Self-signed certificates require manual trust installation -- users must install the certificate to Trusted People or Trusted Root Certification Authorities before the MSIX will install.
Never commit PFX files or certificate passwords to source control -- store certificates as CI secrets (GitHub Secrets, Azure DevOps Secure Files) and decode them during the build pipeline.
AppxBundle=Auto produces a bundle only when multiple architectures are built -- for single-architecture builds, it produces a flat .msix file, not a bundle.
MSIX apps run in a container-like sandbox -- file system access is virtualized. Apps writing to AppData get redirected to the package-specific location. Use ApplicationData.Current APIs, not hardcoded paths.
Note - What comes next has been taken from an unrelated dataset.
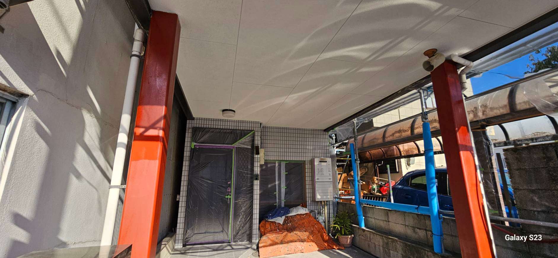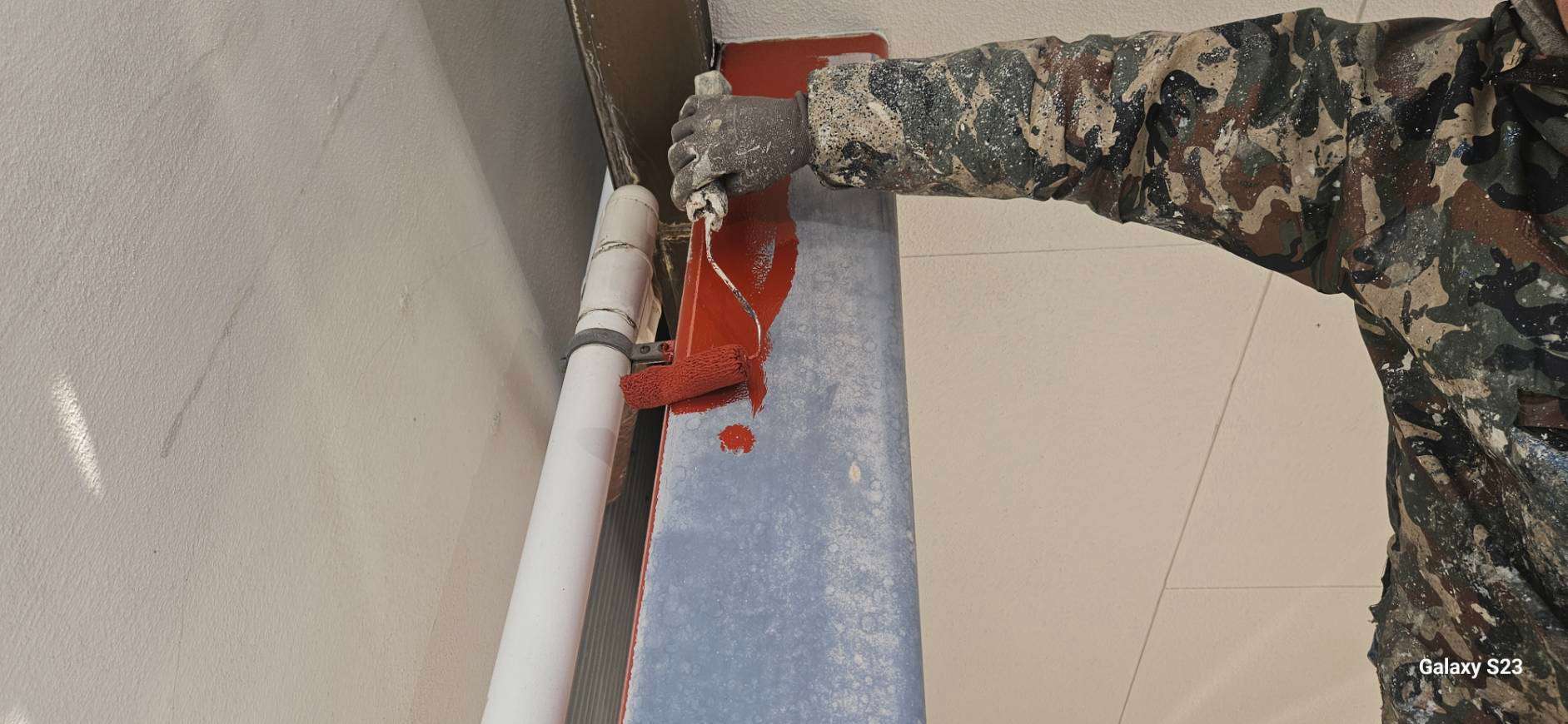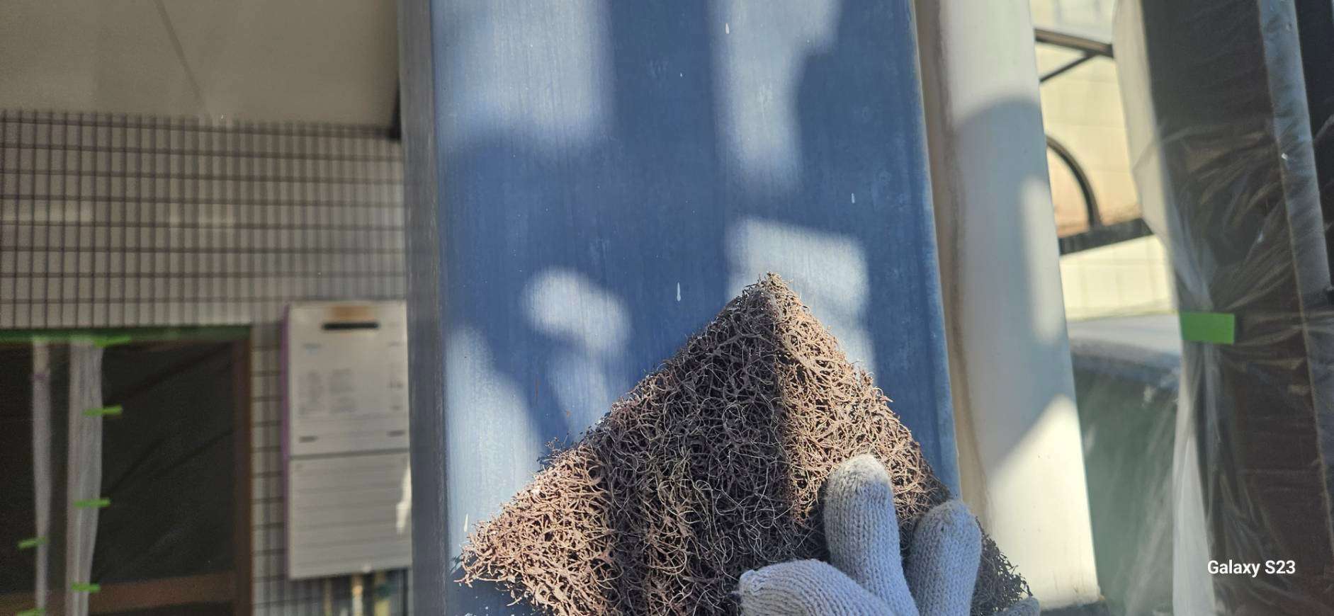 W様邸の昨日の作業は、外壁の中塗り塗装・屋根の上塗り塗装・タイル部の目地補修・鉄柱のケレン・錆止め塗装作業を行っていました。
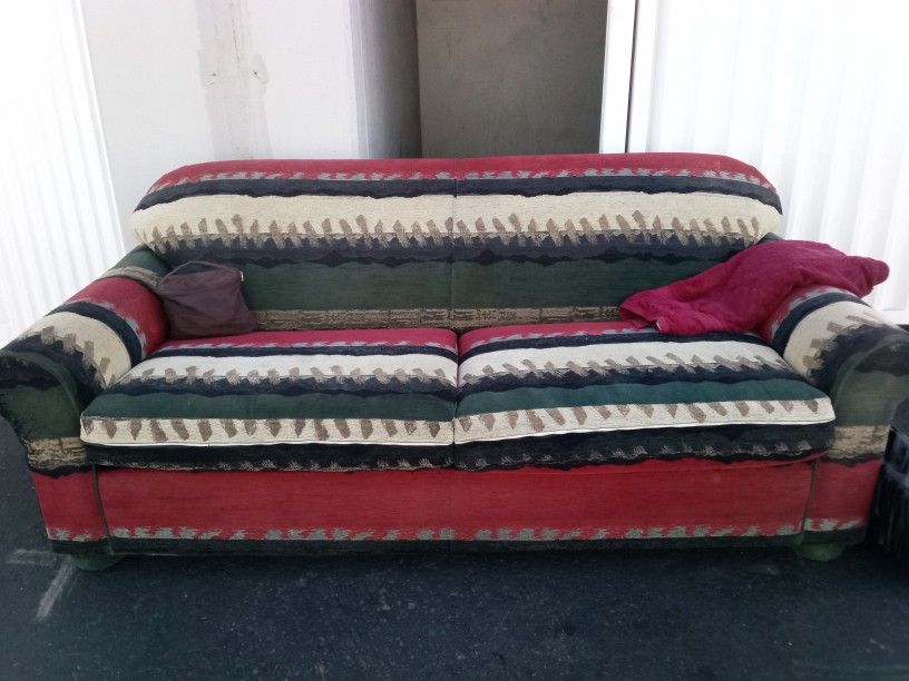 Love seat couch vintage embroidery red green and yellow cone pick it up it's yours for best offer

Store submission uses .msixupload not .msix -- set /p:UapAppxPackageBuildMode=StoreUpload to generate the correct upload format.
CI builds on windows-latest include the Windows SDK -- no separate SDK installation step is needed for signtool.exe and MakeAppx.exe.
Do not hardcode TFM paths in CI examples -- use variable references (e.g., ${{ github.workspace }}) so examples work across .NET versions.